DATA EXCERPT below:
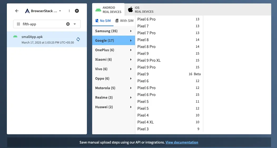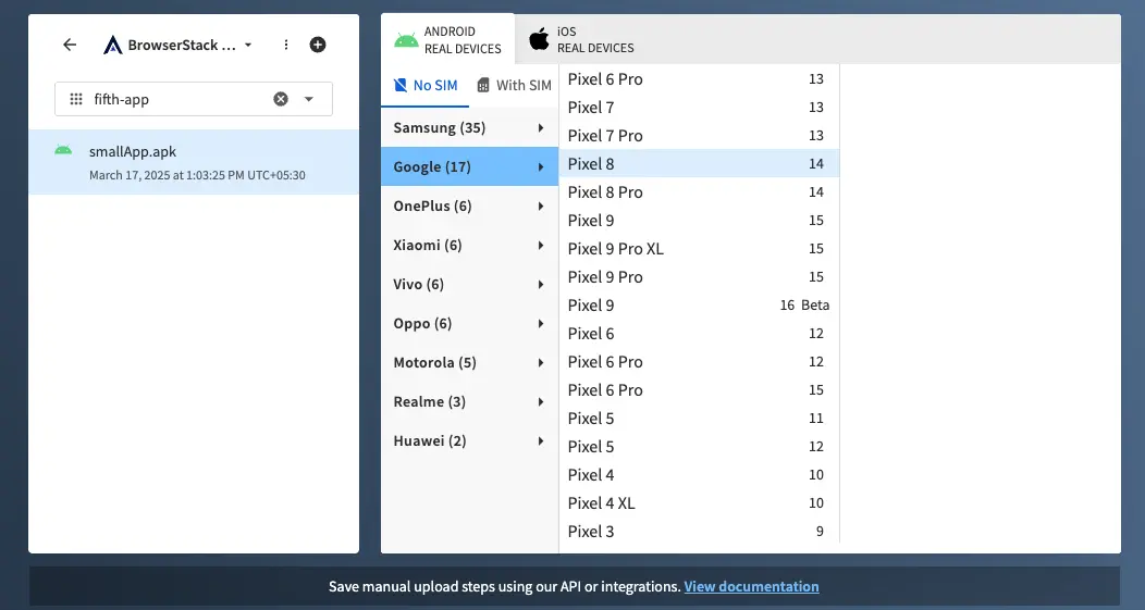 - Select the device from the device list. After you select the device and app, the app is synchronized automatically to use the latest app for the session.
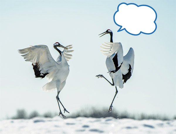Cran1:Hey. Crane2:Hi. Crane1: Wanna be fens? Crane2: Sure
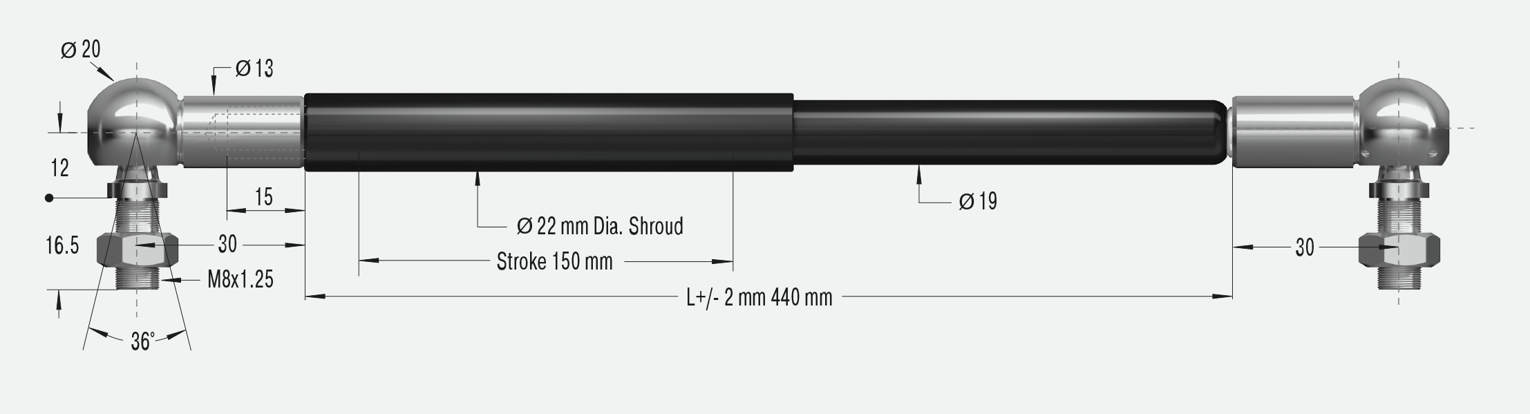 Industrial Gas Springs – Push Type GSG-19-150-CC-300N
End of DATA EXCERPT.
**TASK**
Your job is to reproduce the material exactly. Keep pictures out of it.

**ANSWER BOX**
 - Select the device from the device list. After you select the device and app, the app is synchronized automatically to use the latest app for the session.
Cran1:Hey. Crane2:Hi. Crane1: Wanna be fens? Crane2: Sure
 Industrial Gas Springs – Push Type GSG-19-150-CC-300N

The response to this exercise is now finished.